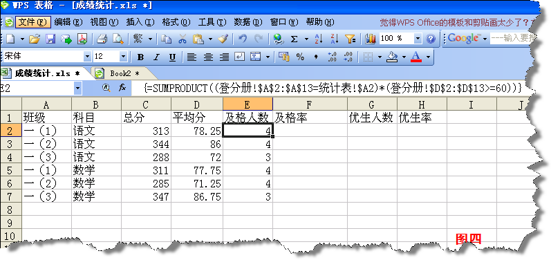 在E2中輸入數(shù)組公式計算及格人數(shù)。該數(shù)組函數(shù)為=SUMPRODUCT((登分冊!$A$2:A$13=統(tǒng)計表!$A2)*(登分冊!$D$2:D$13>=60)),其含義是:若“登分冊”工作表A列中有與“統(tǒng)計表”A2相同的信息,即“一(1)班”,則返回與“一(1)班”相對應的成績中大于或等于60分的人數(shù)(如圖四)。將公式向下復制后,在F2單元格中輸入公式=E2/COUNTIF(登分冊!$A$2:A$13,統(tǒng)計表!$A2)計算該班的及格率。
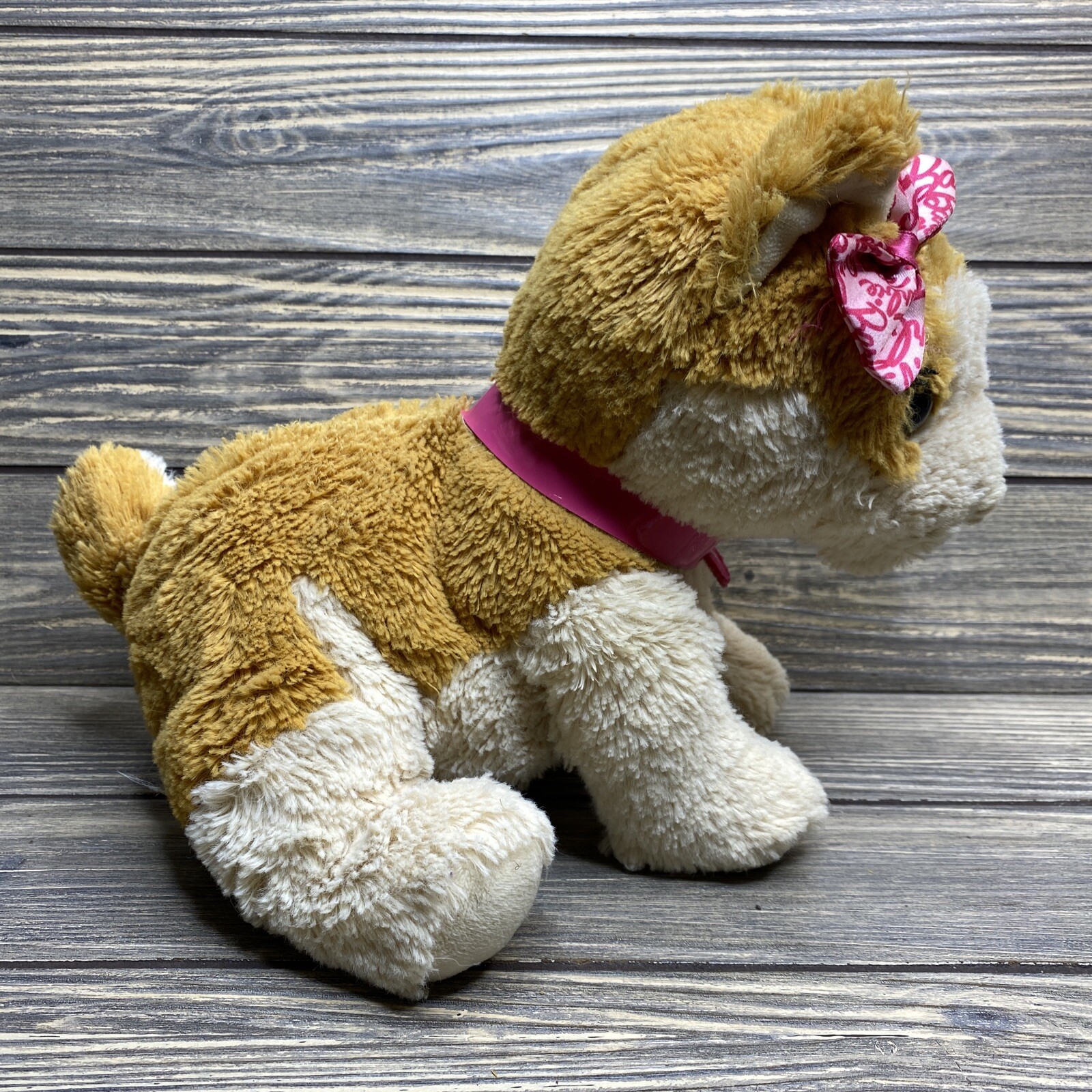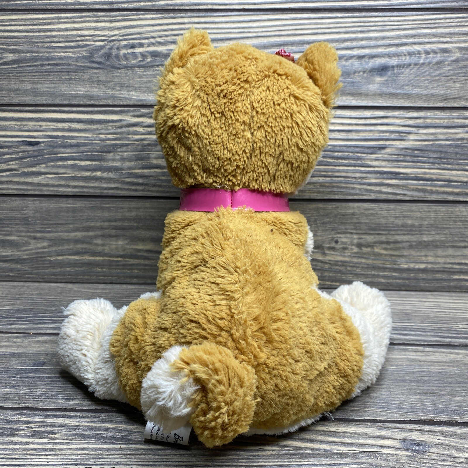 Vtg Mattel Barbie Tan White Puppy Dog Pink Bow Stuffed Animal Lovey Plush 11
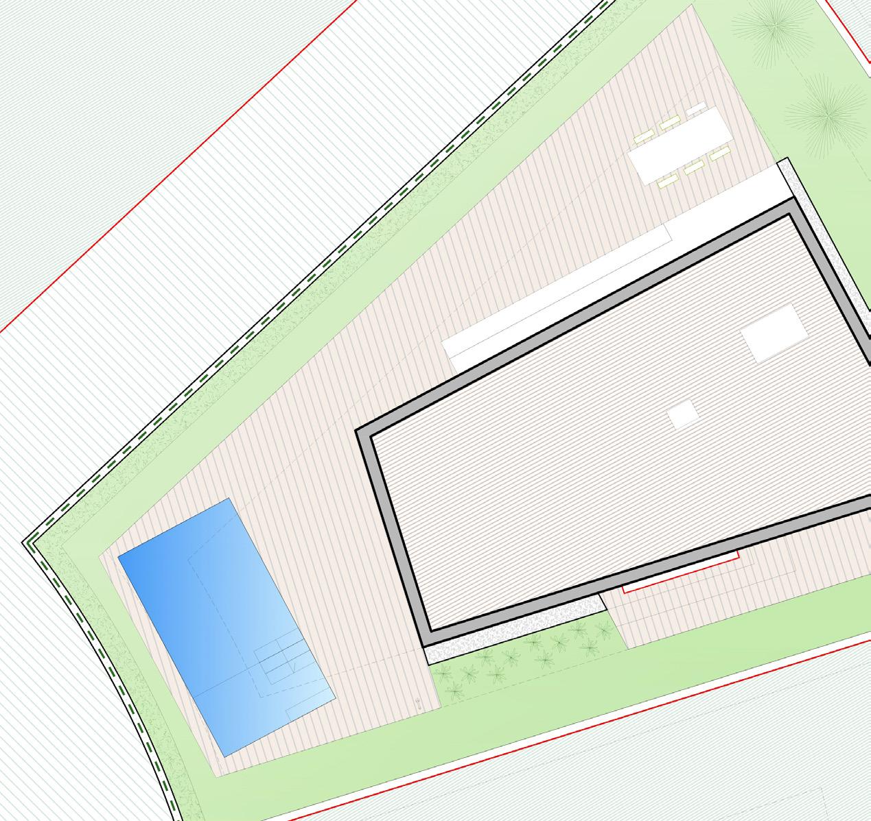 • Haie périphérique sur les limites où il n’y a pas de haie, avec des cyprès Sempervirens de 0,80-1,00 m de hauteur plantés à 3 pcs/ml.
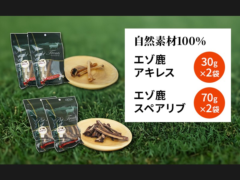 犬 おやつ セット【 アキレス 30g×2袋 スペアリブ 70g×2袋】歯磨き 肉付き ストレス解消 森のジビエ 鹿...
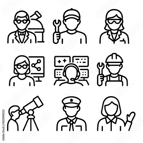 Observatory Staff Icons. Outline icon set of observatory staff: lead astronomer, technician, research assistant, data analyst,
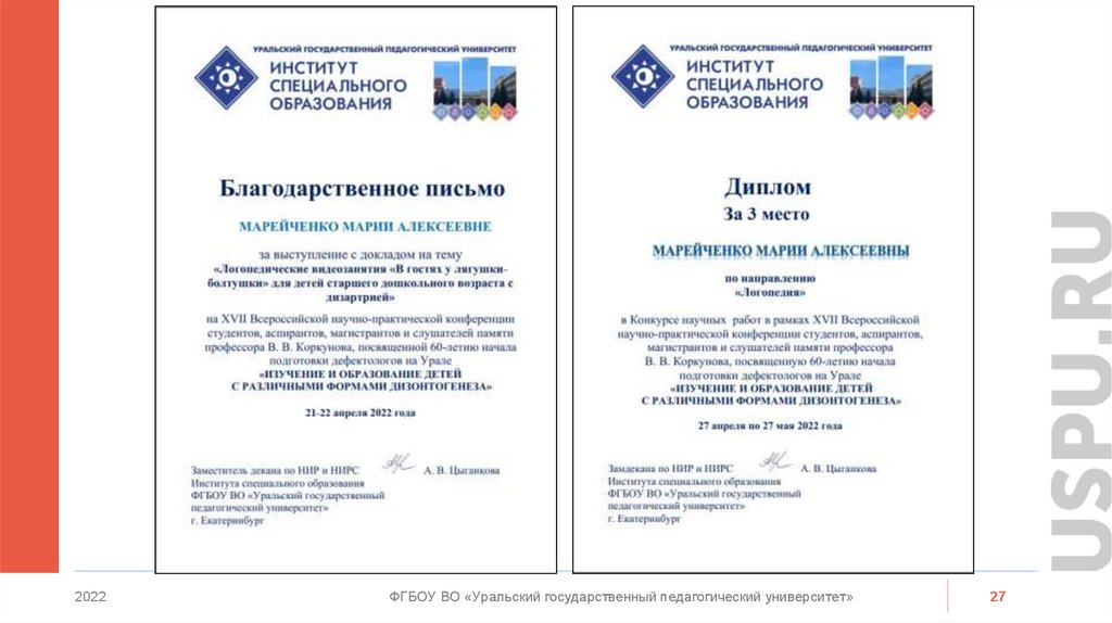 2022ФГБОУ ВО «Уральский государственный педагогический университет»

YOUR GOAL => Begin with the line that contains "Vtg Mattel Barbie" and repeat every line through the end of the data, exactly and only those lines, leaving out the pictures.

RESPONSE BELOW =>
 Vtg Mattel Barbie Tan White Puppy Dog Pink Bow Stuffed Animal Lovey Plush 11
 • Haie périphérique sur les limites où il n’y a pas de haie, avec des cyprès Sempervirens de 0,80-1,00 m de hauteur plantés à 3 pcs/ml.
 犬 おやつ セット【 アキレス 30g×2袋 スペアリブ 70g×2袋】歯磨き 肉付き ストレス解消 森のジビエ 鹿...
 Observatory Staff Icons. Outline icon set of observatory staff: lead astronomer, technician, research assistant, data analyst,
 2022ФГБОУ ВО «Уральский государственный педагогический университет»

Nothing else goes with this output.